New Jersey Commissioner of Transportation
- In office 1985–1986
- Preceded by: John Sheridan
- Succeeded by: Hazel Gluck

Personal details
- Spouse: Laura Slomka
- Education: Ohio University (1974)

= Roger Bodman =

American politician

Roger A. Bodman (born 1952) is an American Republican Party politician and political strategist who served in the cabinet of New Jersey Governor Thomas Kean.

Early in his career, Bodman served as district office manager for the late New Jersey Congresswoman Millicent Fenwick and as chief of staff for former New Jersey Congressman James Courter. In 1981, he was selected as manager of Tom Kean's campaign for governor. Following Governor Kean's victory, Bodman was named to two cabinet posts. As the State Commissioner of Labor, he implemented extensive legislative reforms of the unemployment insurance program. Later, as the State Commissioner of Transportation, he was the chief advisor to the governor on transportation matters. He also served as chairman of New Jersey Transit.

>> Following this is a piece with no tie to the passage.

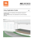 Array Application Guide A Guide to Assist in the Specifying of JBL Application Engineered TM Series Products With Pre-Designed Arrays, Array Optimization Tips, Room Examples, and more v06 Table of Contents Introduction Suspending Loudspeaker Arrays Array Applications: Speech Systems Combination Speech & Music Systems High-Impact Music Systems Gymnasium Systems Array Tips: Modeling Arrays in Rooms Optimizing Long-Throw/Downfill Systems Signal Processing Low Frequency Pattern Control Subwoofer Directional Control Planar Array Frames Array Types: – Two-Element Vertical Array Examples with Vertical Orientation – Two-Element Horizontal Spherical Array Examples – Three-Element Low-Profile Horizontal Planar Array Examples – Two-Element Horizontal Planar Array Example with Subwoofer – Single-Element with Subwoofer Vertical Array Example – Two-Element Horizontal Array with Single Downfill – Two-Element Vertical Array with Rotated Enclosure Examples WRC and WRX Weather Resistant Configurations Painting AE & PD Enclosures AE & PD Series Connector Pin-out Guide Page 3 4-5 6-10 11-15 16-17 18-19 20-21 22 23 24-25 26-28 29 30-31 32 Introduction This edition of the Array Application Guide focuses on how Application Engineered TM Series loudspeakers can provide the building blocks to construct arrays that will offer exceptional coverage in a wide range of room sizes and applications. The arrays in this guide, as in earlier editions, are categorized by configuration and orientation. These configurations help emphasize the versatility of the AE Series loudspeakers as the arrays are upgraded in terms of power handling and pattern control. General performance information including frequency range, nominal coverage, SPL capability, size, and weight are provided for each array. Several of the arrays utilize the available PAF Planar Array Frame hardware for use when applications call for overhead suspension. A further description of this hardware can be found in the JBL publication: AE Series Bracket and Array Frame Handbook available on the JBL Professional website. The AM4212, AM4215 and AM6212 and 6215 mid and high-power models have been replaced by the new AM5212, AM5215 and AM7212 and AM7215 Series models. These new models feature identical enclosure dimensions but offer two additional horn patterns – 60o x 60o and 120o x 60o – for additional flexibility in addressing your design challenges. With the addition of ® the newer generation Differential Drive woofers additional weight reductions are also realized; up to 33lbs (15kgs) on some of the larger arrays. The AM4315/64, AM4315/95, AM6315/64 and AM6315/95 have been replaced by the AM7315/64 and AM7315/95. The AM4200/64, AM4200/95, AM6200/64 and AM6200/95 have been replaced by the AM7200/64 and AM7200/95. The AM6340/64 and AM6340/95 have been discontinued. The AL6115 is replaced by the AL7115 and the AL6125 has been discontinued. The AE Compact Series products, new to the JBL Pro line since the last edition, can easily be integrated into larger AE Series system designs to address areas such as under balcony, front stage lip fill, rear delay zones and other audience zones where a larger AE Series enclosure is not required. Additional information can be found on the JBL Professional website under Installed Sound Products. Also new to the AE family are five additional AE Series subwoofer enclosures. These models include ultra compact 12” and 15” models, a dual 15” model, and two high-output 18” models in both single and dual component models. These new enclosures feature side rigging points at both the front and rear of the enclosure to facilitate easy enclosure suspension when configuring vertical arrays or rear firing elements in a flown cardioid subwoofer arrangement. Additional notes on cardioid subwoofer set-up can be found in the ‘Array Tips’ section. This easy and proven method of arranging subwoofer enclosures will assist the designer in minimizing rear projected on-stage levels and controlling low frequencies throughout the room. Although each room and project has its own demanding set of circumstances, we hope this Array Guide provides an outline for understanding the wide variety of effective solutions that are possible with the AE Series of JBL Professional loudspeakers. 3 Suspending Loudspeaker Arrays IMPORTANT SAFETY WARNING! The information in this section has been assembled from recognized engineering data and is intended for informational purposes only. None of the information in this section should be used without first obtaining competent advice with respect to applicability to a given circumstance. None of the information presented herein is intended as a representation or warranty on the part of JBL. Anyone making use of this information assumes all liability arising from such use. All information presented herein is based upon materials and practices common to North America and may not directly apply to other countries because of differing material dimensions, specifications, and/or local regulations. Users in other countries should consult with appropriate engineering and regulatory authorities for specific guidelines. Correct use of all rigging hardware is required for secure system suspension. Careful calculations should always be performed to ensure that all components are used within their working load limits before the array is suspended. Never exceed the maximum recommended load ratings. Before suspending any speaker system always inspect all components (enclosure, rigging frames, pins, eyebolts, track fittings, etc.) for cracks, deformations, corrosion, missing, loose or damaged parts that could reduce strength and safety of the array. Do not suspend the speaker until the proper corrective action has been taken. Use only load-rated hardware when suspending Application Engineered™ Series and Precision Directivity® Series loudspeakers. Are You New to Loudspeaker Suspension? If so, you should do th

In 1987, Bodman was appointed by the governor to chair the Study Commission on Regulatory Efficiency, a role that earned him the Alliance for Action's Eagle Award. In 1988, he served as vice chairman of the New Jersey Bush for President committee.
A native of Bernardsville, New Jersey, Bodman graduated cum laude from Ohio University in 1974 with a degree in political science. Bodman is also a visiting professor at Rutgers University's Eagleton Institute of Politics.

==Career==
Bodman grew up in Bernardsville, New Jersey, near where his father worked for AT&T as an engineer. He graduated in 1970 from Bernardsville High School.

He is a 1974 graduate of Ohio University. Bodman began his political career as a driver for U.S. Rep. Millicent Fenwick in her first campaign for Congress in 1974. He later ran Fenwick's District Office. In 1978, Bodman managed the successful campaign of Jim Courter for Congress against two-term Democratic Rep. Helen Meyner, the wife of former New Jersey Governor Robert Meyner. Bodman later became Courter's Chief of Staff. In 1981, Bodman was the campaign manager for Thomas Kean in his winning campaign for Governor of New Jersey. Bodman served in Kean's cabinet, first as the Commissioner of Labor from 1982 to 1985, and then as Commissioner of Transportation from 1985 to 1986. He resigned from the cabinet in 1987 to start a lobbying firm.